• PROBLEM REQUIREMENTS:
Write the records below out in full, character for character, with no pictures.

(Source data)
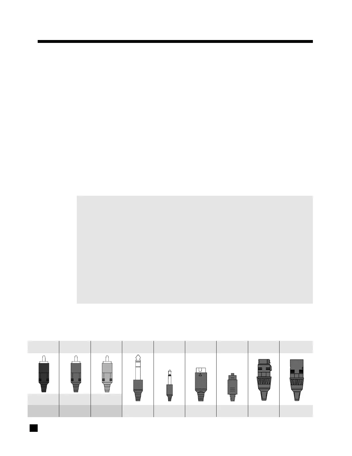 The following pages of illustrations contain a variety of standard cable/connectors that are used to connect
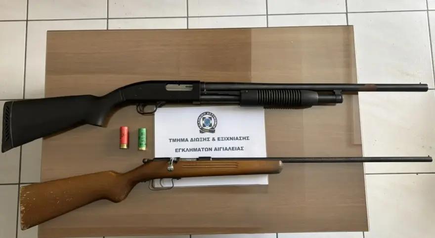 Σε έρευνα που ακολούθησε στο σπίτι του, βρέθηκαν και κατασχέθηκαν δύο φυσίγγια κυνηγετικού όπλου. Επιπλέον, σε επαγγελματικό χώρο και αγροτική αποθήκη ιδιοκτησίας του, ο ίδιος παρέδωσε αυτοβούλως:
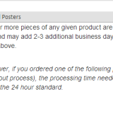 Ordered 4 UNFRAMED posters for a housewarming gift from Zazzle that ranged between 8x10 & 10x13 on 03/09/2015. On their website it indicates in one section, that it takes 24 hours to "manufacture" the *unframed* poster. HOWEVER, if you order 50 or more (I only ordered 4!) it takes longer. OH! But then it says at the bottom, "it may take longer than 24 hours" REALLY?!? That makes no sense! Why would you indicate it only takes 24 hours but then retract what you said in the same section? Because I ordered standard shipping, it indicated another 5-12 business days to receive it. Almost 2 weeks went by, and only until I inquired about why it wasn't shipped yet, I THEN recieved a confirmation email that it was shipped. In my opinion, they SAT on my order. It is now almost a month later, and I didn't receive my order, so I requested a refund. Despite the prompt customer service I received, I am extremely disappointed that they operate a business that they CANNOT 100% GUARANTEE. This is false advertising! I ordered these as a gift for a housewarming, and had to go to this housewarming EMPTY HANDED. I better receive EVERY LAST CENT BACK *including* shipping! I really wanted these prints! I really liked them on the site! So, I'm disappointed that I looked for a gift on a site that claims "100% **GUARANTEED** when its NOT!
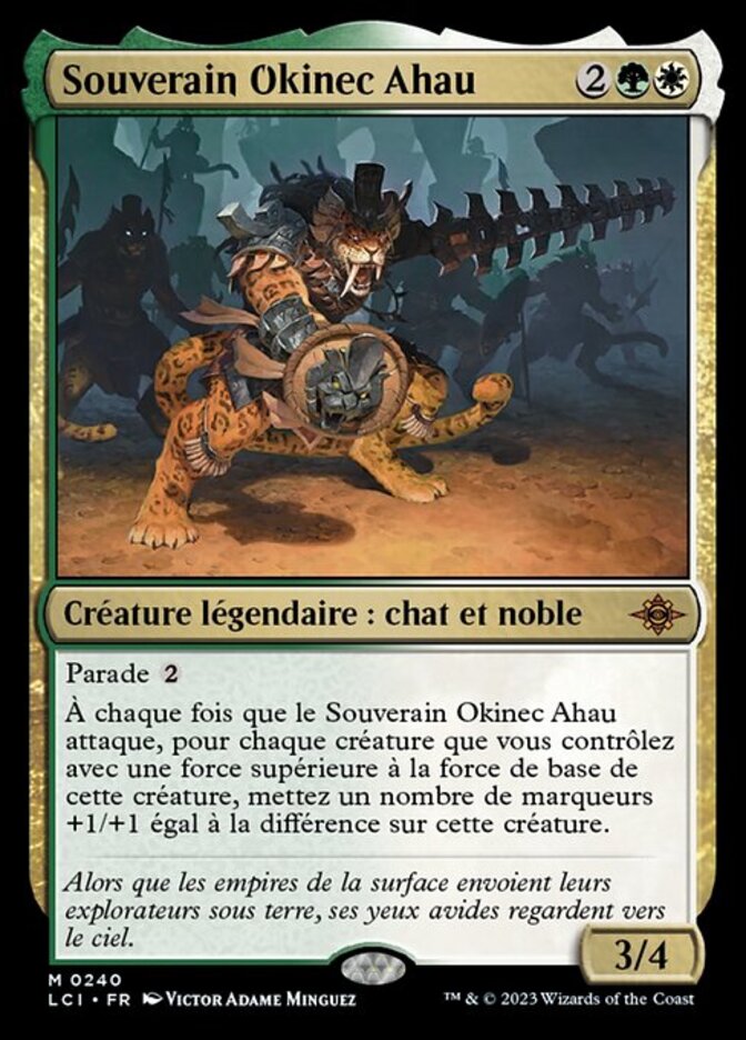 | Rules | Ward Whenever Sovereign Okinec Ahau attacks, for each creature you control with power greater than that creature's base power, put a number of +1/+1 counters on that creature equal to the difference. |
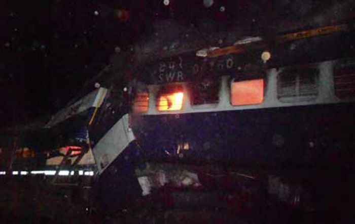 Rescue Operation: A view of the accident site near Penukonda railway station in Anantapur district where the Bangalore-bound Hampi Express rammed into a staionary goods train.
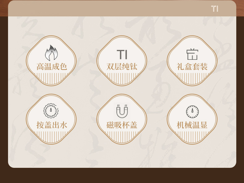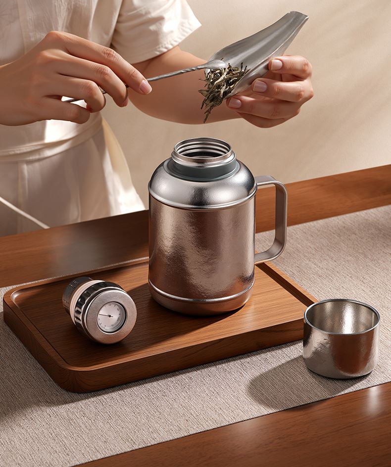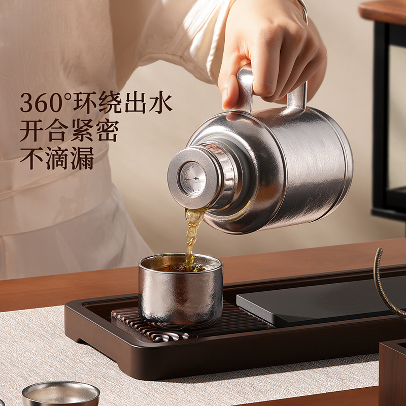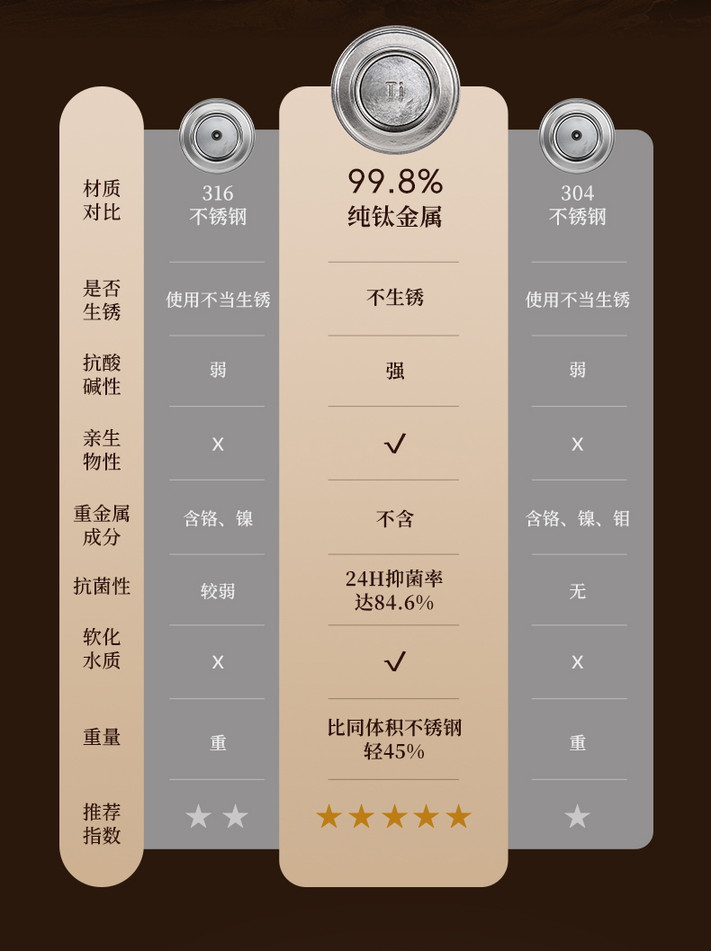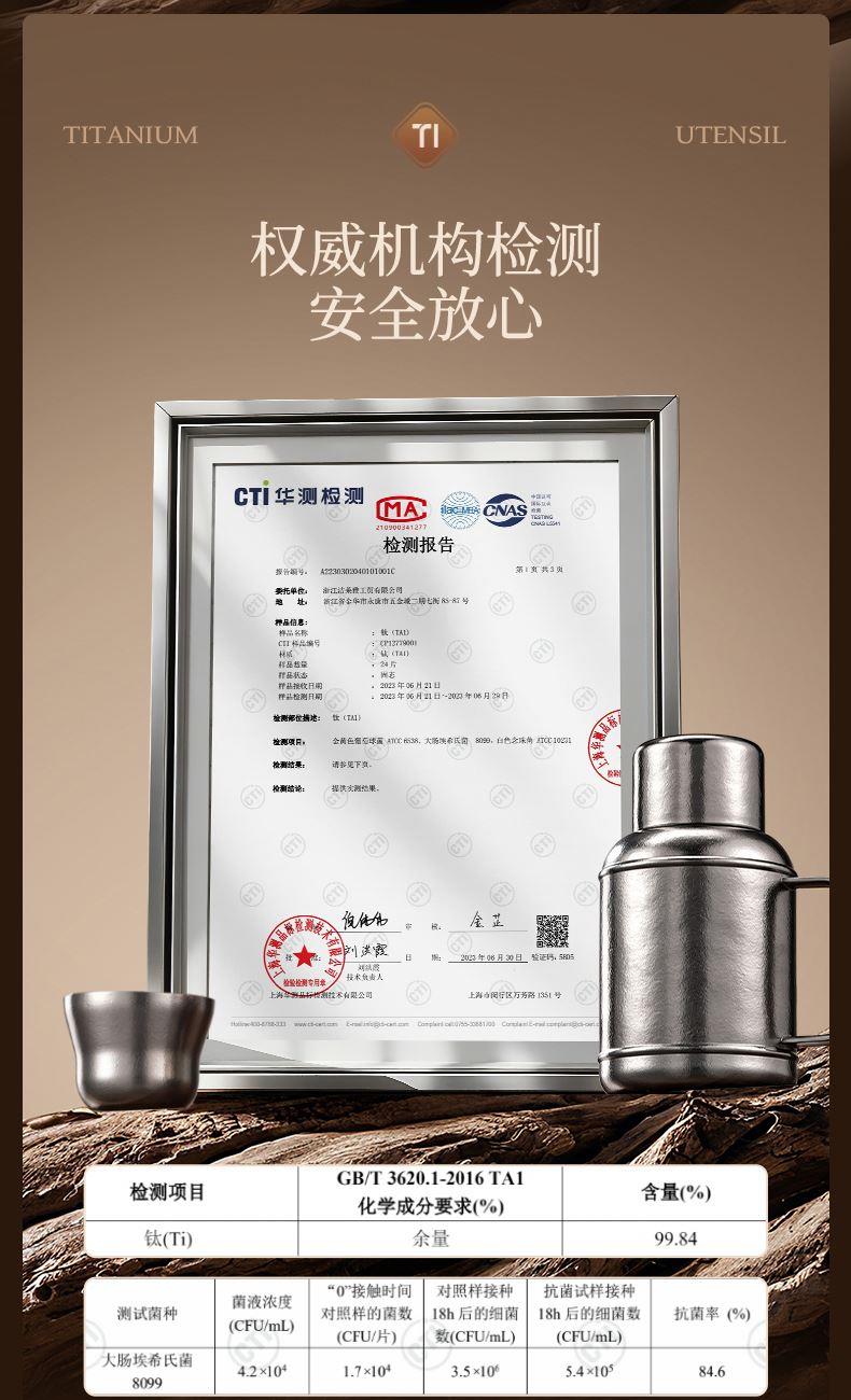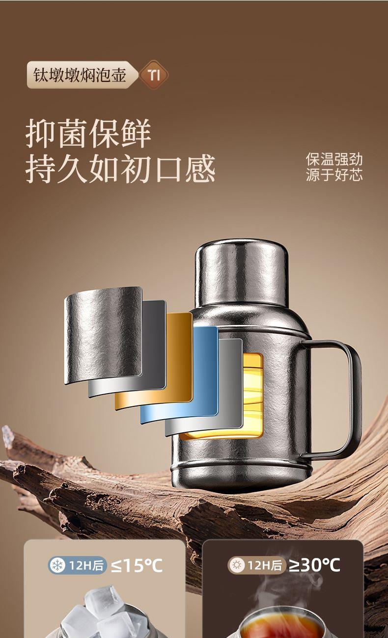 0涂层0漆面0异味 钛含量99.8% 健康泡茶 保温时间12-24H高于普通保温杯 600ml黄金大容量附赠三只35ml小茶杯,独享分享皆适宜 防滑静音杯底、体积小、重量轻在哪用都合适 内外全钛 一壶三杯 礼盒包装 高温锤炼成色 按盖出水 磁吸杯盖 机械温显 航天级材质 焖茶保鲜 权威检测 长效保温
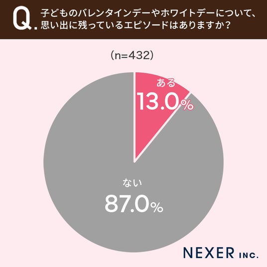 ■13%が子どものバレンタインデーやホワイトデーについて、思い出に残っているエピソードが「ある」
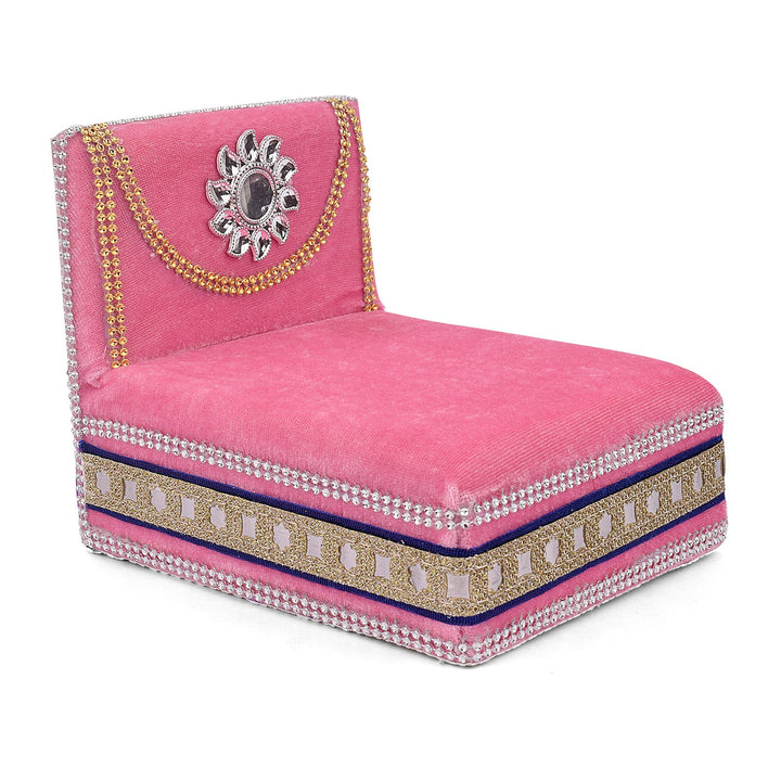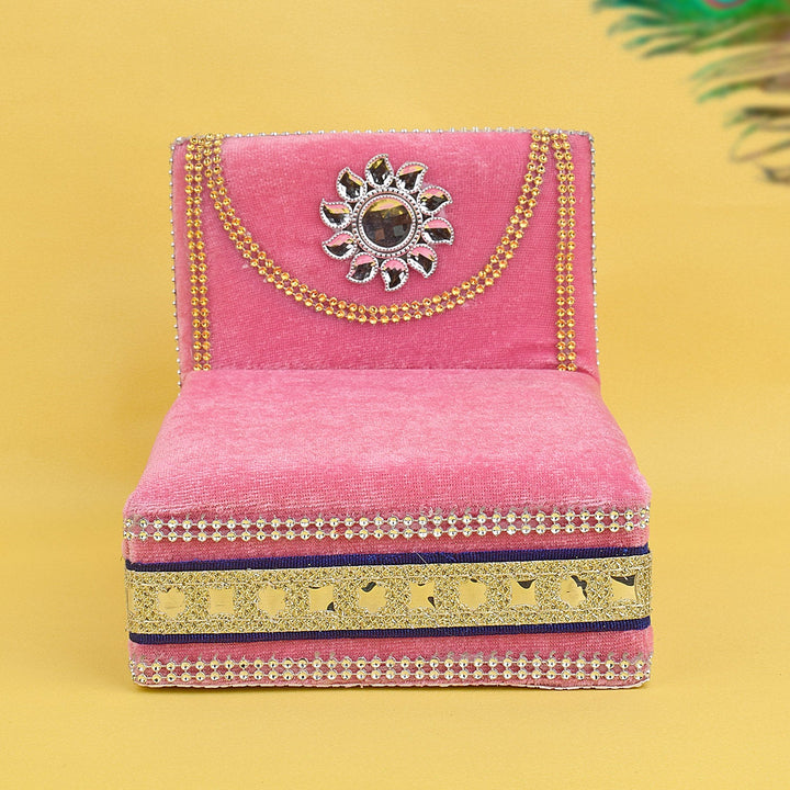 laddu gopal velvet sleeping bed | velvet deity bed small | kanha ji pink velvet bed | red gopal ji sleeping throne | pooja bed for krishna ji | small size divine bed | bal gopal accessories | temple pooja bed | laddu gopal sleeping seat | home mandir bed for kanha
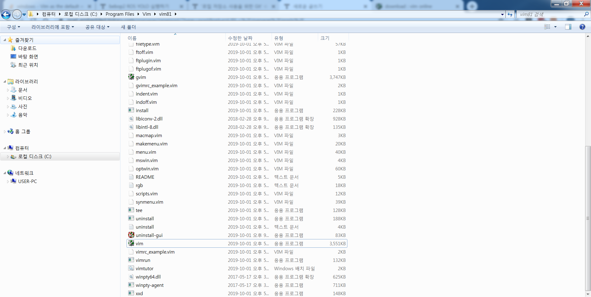 설치과정에서 등록된 경로를 기억한다. 필자의 경로는 C:\Program Files\Vim\vim81로 잡힌다. 다음과 같이 vim, gvim 등 실행파일이 있는 것을 확인할 수 있다
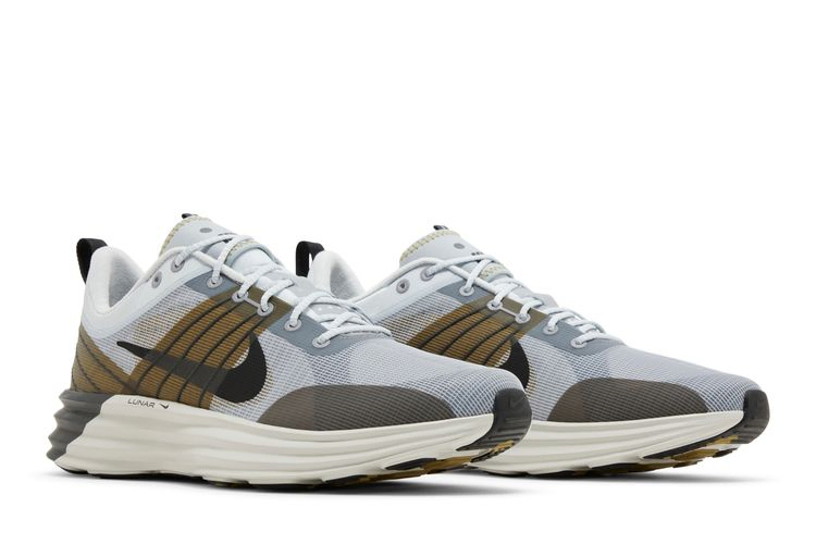 Nike Lunar Roam "Pure Platinum" привносит акценты земляных тонов в беговые кроссовки, созданные с использованием амортизации Lunar - легкого вспененного материала, который компания Nike впервые представила в 2008 году. Промежуточная подошва с завышенной высотой стопы поддерживается прочными резиновыми подушечками. Верхняя часть выполнена из светло-серой сетки с тросами Magwire, обеспечивающими легкую поддержку в средней части стопы и пятки. Они дополнены синтетическими накладками Desert Moss. Стельки на пятке украшены светоотражающими деталями для улучшения видимости в условиях недостаточной освещенности.

• TASK RESULT:
 The following pages of illustrations contain a variety of standard cable/connectors that are used to connect
 Σε έρευνα που ακολούθησε στο σπίτι του, βρέθηκαν και κατασχέθηκαν δύο φυσίγγια κυνηγετικού όπλου. Επιπλέον, σε επαγγελματικό χώρο και αγροτική αποθήκη ιδιοκτησίας του, ο ίδιος παρέδωσε αυτοβούλως:
 Ordered 4 UNFRAMED posters for a housewarming gift from Zazzle that ranged between 8x10 & 10x13 on 03/09/2015. On their website it indicates in one section, that it takes 24 hours to "manufacture" the *unframed* poster. HOWEVER, if you order 50 or more (I only ordered 4!) it takes longer. OH! But then it says at the bottom, "it may take longer than 24 hours" REALLY?!? That makes no sense! Why would you indicate it only takes 24 hours but then retract what you said in the same section? Because I ordered standard shipping, it indicated another 5-12 business days to receive it. Almost 2 weeks went by, and only until I inquired about why it wasn't shipped yet, I THEN recieved a confirmation email that it was shipped. In my opinion, they SAT on my order. It is now almost a month later, and I didn't receive my order, so I requested a refund. Despite the prompt customer service I received, I am extremely disappointed that they operate a business that they CANNOT 100% GUARANTEE. This is false advertising! I ordered these as a gift for a housewarming, and had to go to this housewarming EMPTY HANDED. I better receive EVERY LAST CENT BACK *including* shipping! I really wanted these prints! I really liked them on the site! So, I'm disappointed that I looked for a gift on a site that claims "100% **GUARANTEED** when its NOT!
 | Rules | Ward Whenever Sovereign Okinec Ahau attacks, for each creature you control with power greater than that creature's base power, put a number of +1/+1 counters on that creature equal to the difference. |
 Rescue Operation: A view of the accident site near Penukonda railway station in Anantapur district where the Bangalore-bound Hampi Express rammed into a staionary goods train.
 0涂层0漆面0异味 钛含量99.8% 健康泡茶 保温时间12-24H高于普通保温杯 600ml黄金大容量附赠三只35ml小茶杯,独享分享皆适宜 防滑静音杯底、体积小、重量轻在哪用都合适 内外全钛 一壶三杯 礼盒包装 高温锤炼成色 按盖出水 磁吸杯盖 机械温显 航天级材质 焖茶保鲜 权威检测 长效保温
 ■13%が子どものバレンタインデーやホワイトデーについて、思い出に残っているエピソードが「ある」
 laddu gopal velvet sleeping bed | velvet deity bed small | kanha ji pink velvet bed | red gopal ji sleeping throne | pooja bed for krishna ji | small size divine bed | bal gopal accessories | temple pooja bed | laddu gopal sleeping seat | home mandir bed for kanha
 설치과정에서 등록된 경로를 기억한다. 필자의 경로는 C:\Program Files\Vim\vim81로 잡힌다. 다음과 같이 vim, gvim 등 실행파일이 있는 것을 확인할 수 있다
 Nike Lunar Roam "Pure Platinum" привносит акценты земляных тонов в беговые кроссовки, созданные с использованием амортизации Lunar - легкого вспененного материала, который компания Nike впервые представила в 2008 году. Промежуточная подошва с завышенной высотой стопы поддерживается прочными резиновыми подушечками. Верхняя часть выполнена из светло-серой сетки с тросами Magwire, обеспечивающими легкую поддержку в средней части стопы и пятки. Они дополнены синтетическими накладками Desert Moss. Стельки на пятке украшены светоотражающими деталями для улучшения видимости в условиях недостаточной освещенности.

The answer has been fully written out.